I've got a boot cd for quantain, but it's an old version that doesn't include grass. It's only in the past few months that I've started looking at linux, but so far my experiences with it haven't been very good. I installed Mandrake 10.0 on my main rig as a dual-boot, but it fails to recognise my speedtouch 330 adsl modem, my SB128 and SB audigy value (leaving me only with crappy motherboard sound) and refuses to run 3D stuff through my Raedon 9600 (leaving my CPU to creak under the load). I seem to have every peripheral that Mandrake specifically doesn't support (and I've checked that it actually doesn't support them, rather than it just being me that's unable to configure them).
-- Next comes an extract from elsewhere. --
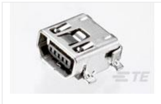
TE Part #1734328-2 Mini USB AB R/A,Rcpt,SMT,T&R

Quantain at least gives me decent sound, though I haven't checked the rest with it.
My experience with geography at uni was tainted by never fitting in, not having any friends in class, finding it was all work and no play and generally being permanantly stressed by it. The culmination of this was when I slipped into a recent depression at the end of my third year and dropped out (I was going into my honours year, but will instead graduate this summer with an ordinary).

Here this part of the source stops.